Without the pictures, output all of the data exactly.

* * *

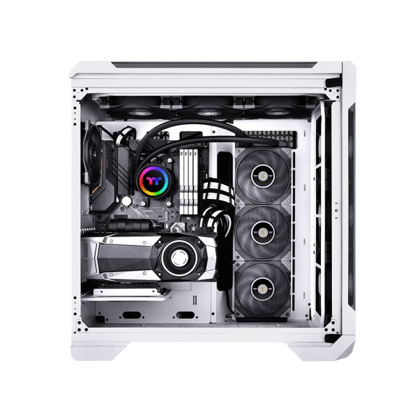 Tản nhiệt nước Thermaltake Toughliquid 360 ARGB Black là bộ làm mát chất lỏng tất cả trong một được trang bị TOUGHFAN 12 với bộ điều khiển tích hợp và nắp xoay với 6 đèn LED, có thể được điều khiển bời bo mạch chủ tương thích 5V RGB. Trên tản nhiệt nước có nắp xoay cho phép người dùng xoay nắp dễ dàng ngay cả sau khi lắp đặt, do đó người dùng có thể xoay logo TT sao cho đạt được tính thẩm mỹ cao nhất. Được trang bị 2 TOUGHFAN 12, tản nhiệt cung cấp một tốc độ quạt cao lên đến 2000RPM đảm bảo được kết quả làm mát tốt nhất.
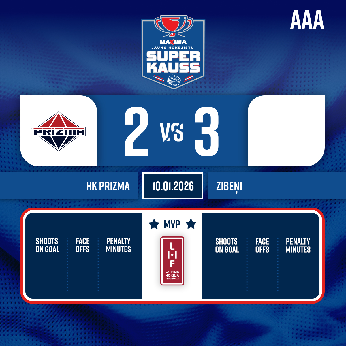 Goal#13 Marats VOROBJOVSAssists: #22 Krištijonas SUTKUS, #10 Renārs ALKSNIS - 15:00 Start of the 2nd period
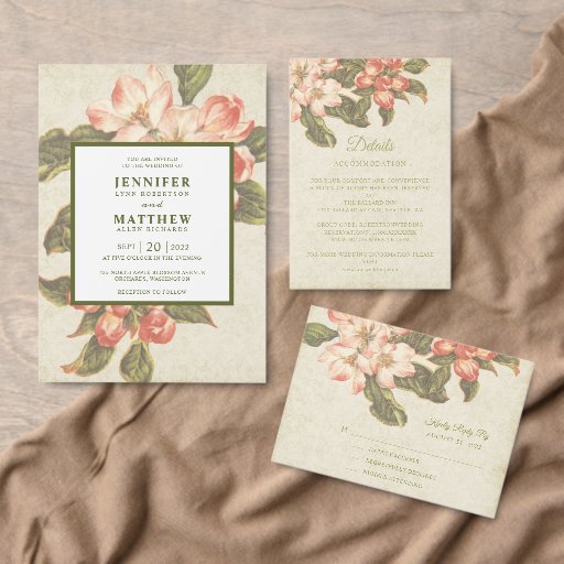 この美しいリンゴの花の結婚式用シールは、外縁に沿って湾曲した緑の文字に新郎新婦の名前とパーチメントのダマスクの背景にヴィンテージのリンゴの花のスケッチを特徴としている。
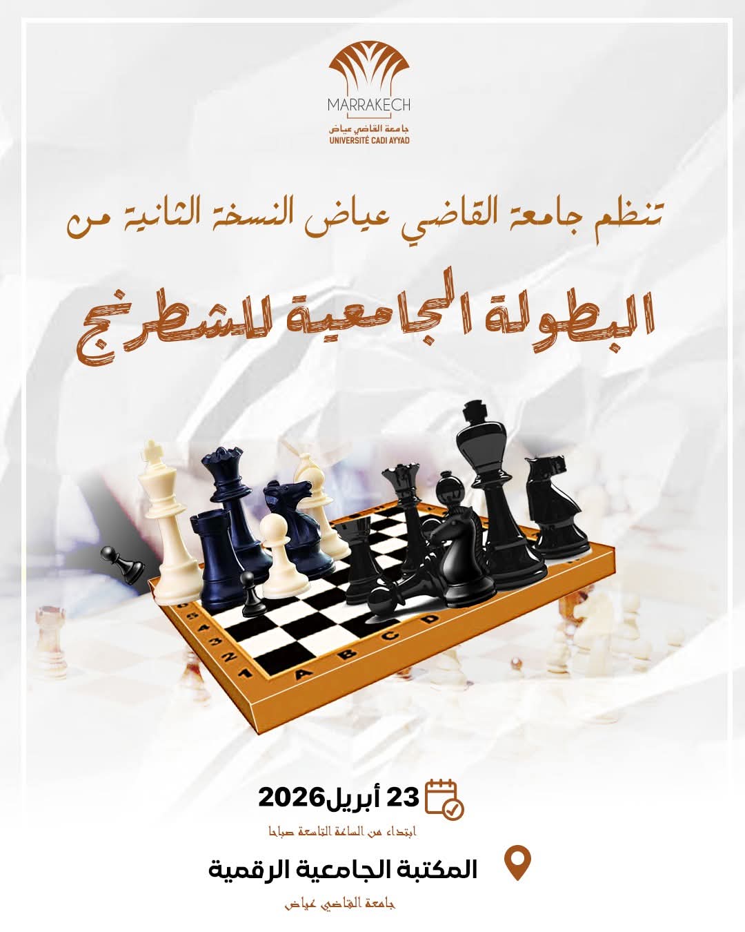 في إطار استراتيجيتها الرامية إلى تعزيز الحياة الجامعية وتشجيع الأنشطة الثقافية والفنية والرياضية، تعتزم جامعة القاضي عياض بمراكش تنظيم النسخة الثانية من البطولة الجامعية للشطرنج، وذلك يوم الخميس 23 أبريل 2026 بالمكتبة الجامعية الرقمية، ابتداء من الساعة العاشرة صباحا، لفائدة الطلبة المنتمين إلى مختلف المؤسسات التابعة للجامعة.
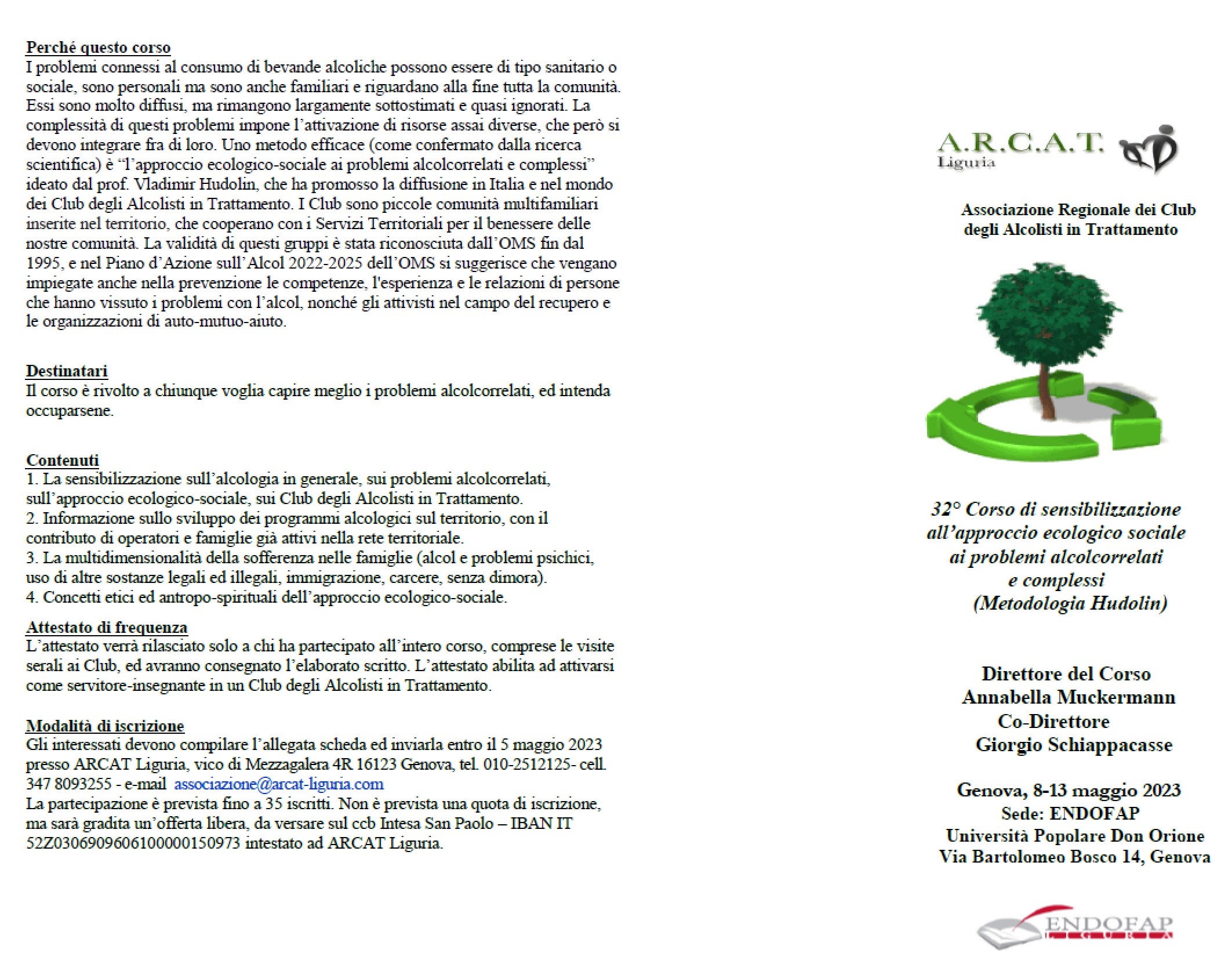 Corso di Sensibilizzazione all'approccio Ecologico sociale ai problemi alcol correlati complessi

* * *

§ Exercise result
 Tản nhiệt nước Thermaltake Toughliquid 360 ARGB Black là bộ làm mát chất lỏng tất cả trong một được trang bị TOUGHFAN 12 với bộ điều khiển tích hợp và nắp xoay với 6 đèn LED, có thể được điều khiển bời bo mạch chủ tương thích 5V RGB. Trên tản nhiệt nước có nắp xoay cho phép người dùng xoay nắp dễ dàng ngay cả sau khi lắp đặt, do đó người dùng có thể xoay logo TT sao cho đạt được tính thẩm mỹ cao nhất. Được trang bị 2 TOUGHFAN 12, tản nhiệt cung cấp một tốc độ quạt cao lên đến 2000RPM đảm bảo được kết quả làm mát tốt nhất.
 Goal#13 Marats VOROBJOVSAssists: #22 Krištijonas SUTKUS, #10 Renārs ALKSNIS - 15:00 Start of the 2nd period
 この美しいリンゴの花の結婚式用シールは、外縁に沿って湾曲した緑の文字に新郎新婦の名前とパーチメントのダマスクの背景にヴィンテージのリンゴの花のスケッチを特徴としている。
 في إطار استراتيجيتها الرامية إلى تعزيز الحياة الجامعية وتشجيع الأنشطة الثقافية والفنية والرياضية، تعتزم جامعة القاضي عياض بمراكش تنظيم النسخة الثانية من البطولة الجامعية للشطرنج، وذلك يوم الخميس 23 أبريل 2026 بالمكتبة الجامعية الرقمية، ابتداء من الساعة العاشرة صباحا، لفائدة الطلبة المنتمين إلى مختلف المؤسسات التابعة للجامعة.
 Corso di Sensibilizzazione all'approccio Ecologico sociale ai problemi alcol correlati complessi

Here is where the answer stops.